Description：

平面上有 $n$ 个竖直的线段，每次可以从原点发射一条抛物线，问最多能从第一个开始连续穿过几条线段。

$1\leqslant n\leqslant 10^5$

Solution：

设抛物线的方程为 $y=ax^2+bx$ ，那么我们可以二分最后的答案，然后判断是否存在一个抛物线能穿过所有线段，发现每一个线段都是两个类似 $ax_0^2+bx_0\leqslant/\geqslant y_0$ 的限制，如果我们把 $a$ 看成 $x$ ， $b$ 看成 $y$ ，那么会发现这个限制就是一个半平面，于是做半平面交判断是否有解即可。

Code：

好像卡精度， $60$ 调不出来了。。
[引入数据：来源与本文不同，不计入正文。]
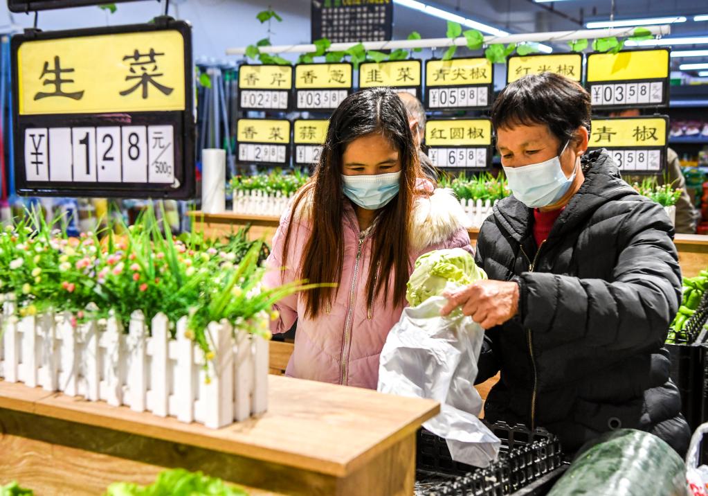 1月18日,居民在廣西興業縣“老鄉家園”配套建設的平價超市內購買蔬菜。新華社記者 曹祎銘 攝

。

#include<algorithm>

#include<iostream>

#include<cstdlib>

#include<cstdio>

#include<cmath>

#include<cctype>

#include<cstring>

using namespace std;

int n;

#define MAXN 100010

struct segment

{

    double x,y1,y2;

}s[MAXN];

struct point

{

    double x,y;

    point(double x_ = 0.0,double y_ = 0.0){x = x_;y = y_;}

}p[MAXN << 1];

typedef point vector;

vector operator + (vector a,vector b){return (vector){a.x + b.x,a.y + b.y};}

vector operator - (vector a,vector b){return (vector){a.x - b.x,a.y - b.y};}

vector operator * (vector a,double b){return (vector){a.x * b,a.y * b};}

double crossmul(vector a,vector b){return a.x * b.y - a.y * b.x;}

double angle(vector a){return atan2(a.y,a.x);}

#define eps 1e-10

bool equal(double a,double b){return (fabs(a - b) < eps);}

int sign(double k){return (equal(k,0.0) ? 0 : (k < 0 ? -1 : 1));}

struct plane

{

    point p;vector v;

    plane(){};

    plane(point p_,point v_){p = p_;v = v_;}

}pl[MAXN << 1],q[MAXN << 1];

int head,tail;

bool in(point p,plane k){return sign(crossmul(p - k.p,k.v)) >= 0;}

point intersection(plane a,plane b){return b.p + b.v * (crossmul(a.v,a.p - b.p) / crossmul(a.v,b.v));}

bool cmp(plane a,plane b){return angle(a.v) < angle(b.v);}

bool check(int k)

{

    if(k <= 1)return true;

    int n = 0;

    point a,b;

    for(int i = 1;i <= k;++i)

    {

        a = (point){100.0,-1.0 * s[i].x * 100 + s[i].y1 * 100 / s[i].x};

        b = (point){0.0,s[i].y1 * 100 / s[i].x};

        pl[++n] = (plane){a,b - a};

        a = (point){100.0,-1.0 * s[i].x * 100 + s[i].y2 * 100 / s[i].x};

        b = (point){0.0,s[i].y2 * 100 / s[i].x};

        pl[++n] = (plane){a,a - b};

    }

    sort(pl + 1,pl + 1 + n,cmp);

    int tot = 0;

    for(int i = 1;i <= n;++i)

    {

        if(tot == 0)pl[++tot] = pl[i];

        else if(!equal(angle(pl[tot].v),angle(pl[i].v)))pl[++tot] = pl[i];

        else if(!in(pl[tot].p,pl[i]))pl[tot] = pl[i];

    }

    n = tot;head = 1;tail = 2;

    q[1] = pl[1];q[2] = pl[2];

    for(int i = 3;i <= n;++i)

    {

        while(head < tail && !in(intersection(q[tail],q[tail - 1]),pl[i]))--tail;

        while(head < tail && !in(intersection(q[head],q[head + 1]),pl[i]))++head;

        if(head == tail && sign(crossmul(q[head].v,pl[i].v)) <= 0)return false;

        q[++tail] = pl[i];

    }

    while(head < tail && !in(intersection(q[tail],q[tail - 1]),q[head]))--tail;

    int m = tail - head + 1;

    for(int i = 1;i < m;++i)p[i] = intersection(q[head + i - 1],q[head + i]);

    p[0] = p[m] = intersection(q[head],q[tail]);

    double ans = 0;

    for(int i = 0;i < m;++i)ans = ans + crossmul(p[i],p[i + 1]);

    return sign(ans) > 0;

}

int main()

{

    scanf("%d",&n);

    for(int i = 1;i <= n;++i)scanf("%lf%lf%lf",&s[i].x,&s[i].y1,&s[i].y2);

    int l = 1,r = n,mid;

    while(l < r)

    {

        mid = ((l + r + 1) >> 1);

        if(check(mid))l = mid;

        else r = mid - 1;

    }

    cout << l << endl;

    return 0;

}